TASK DETAILS: Exactly the lines from the start of the entries through the line with "2025年下半年全国大学英语" are required in the output, with no pictures among them.

[Collection entries]
-----
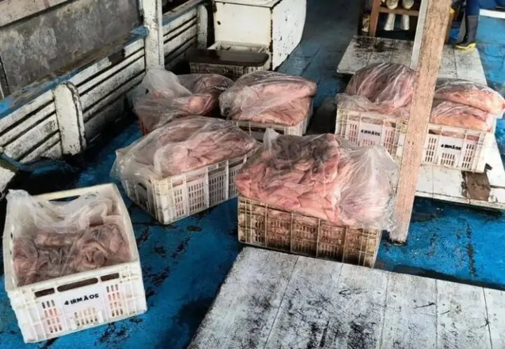 O pescado, totalmente impróprio para consumo, estava cortado e embalado em sacos plásticos. Ele seria vendido em feiras e estabelecimentos comerciais da cidade.
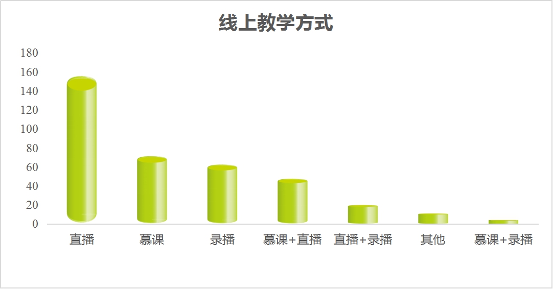 教师们采用线上教学方式有直播、录播、慕课等,其中直播占41.9%、慕课占19.2%门次、录播占16.8%门次、各种组合占19.2%,其他方式占最小只2.9%。
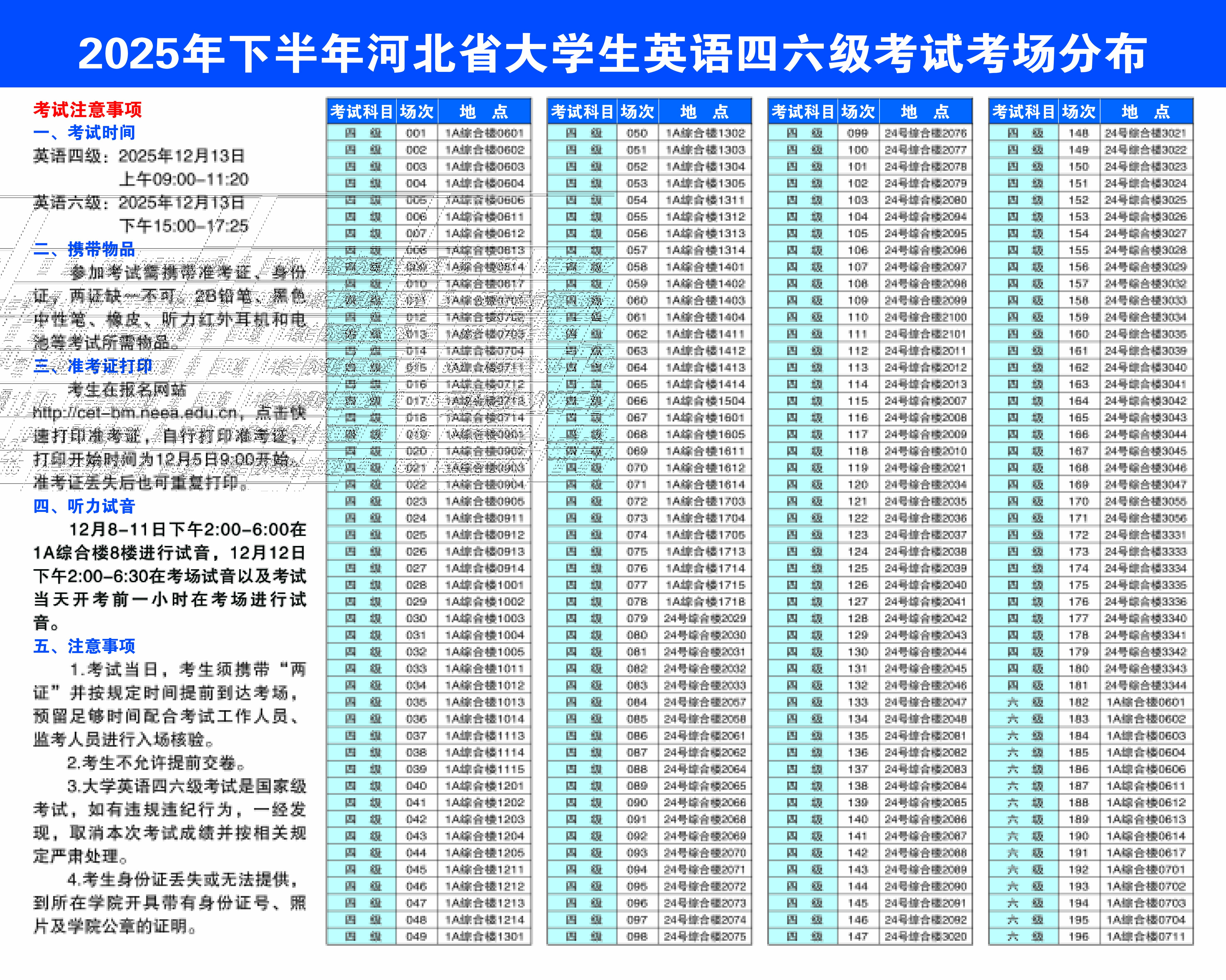 2025年下半年全国大学英语四、六级考试将于12月13日进行,为确保考生顺利参加考试,现将有关事项提示如下:
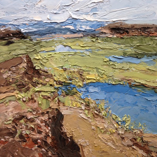 These happen to be my favorite pieces. I actually prefer to them to the larger work, because the scale of the impasto is more dramatic, and the ‘gallery wall effect’ – when you stand back and see the image resolve at a distance – is easer to experience in a typical living space.
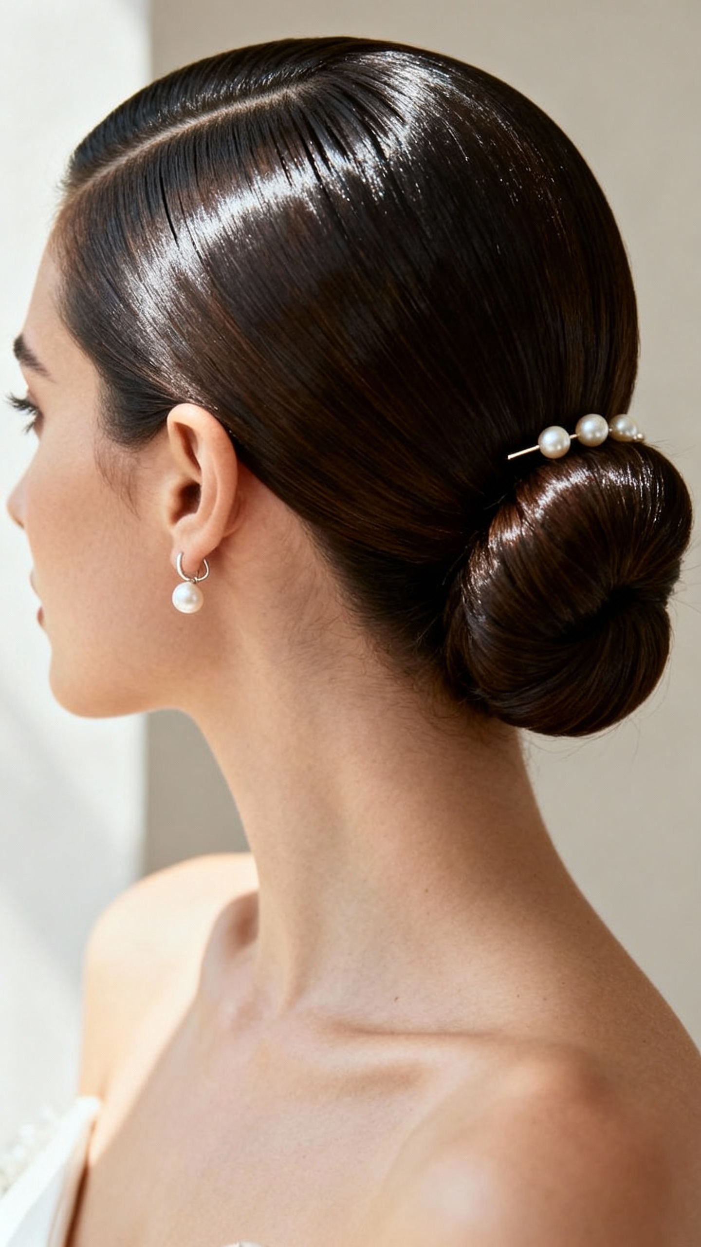 If you want sleek but slightly more “editorial,” a sculpted chignon with a deep side part brings instant sophistication. It’s especially flattering on angular or long face shapes because the side part adds softness and dimension without losing clean lines. Pro tip: keep the chignon tight and smooth, then add a single pearl pin or slim barrette directly above the ear on the heavier side for a balanced, intentional finish.
-----
TASK RESPONSE:
 O pescado, totalmente impróprio para consumo, estava cortado e embalado em sacos plásticos. Ele seria vendido em feiras e estabelecimentos comerciais da cidade.
 教师们采用线上教学方式有直播、录播、慕课等,其中直播占41.9%、慕课占19.2%门次、录播占16.8%门次、各种组合占19.2%,其他方式占最小只2.9%。
 2025年下半年全国大学英语四、六级考试将于12月13日进行,为确保考生顺利参加考试,现将有关事项提示如下:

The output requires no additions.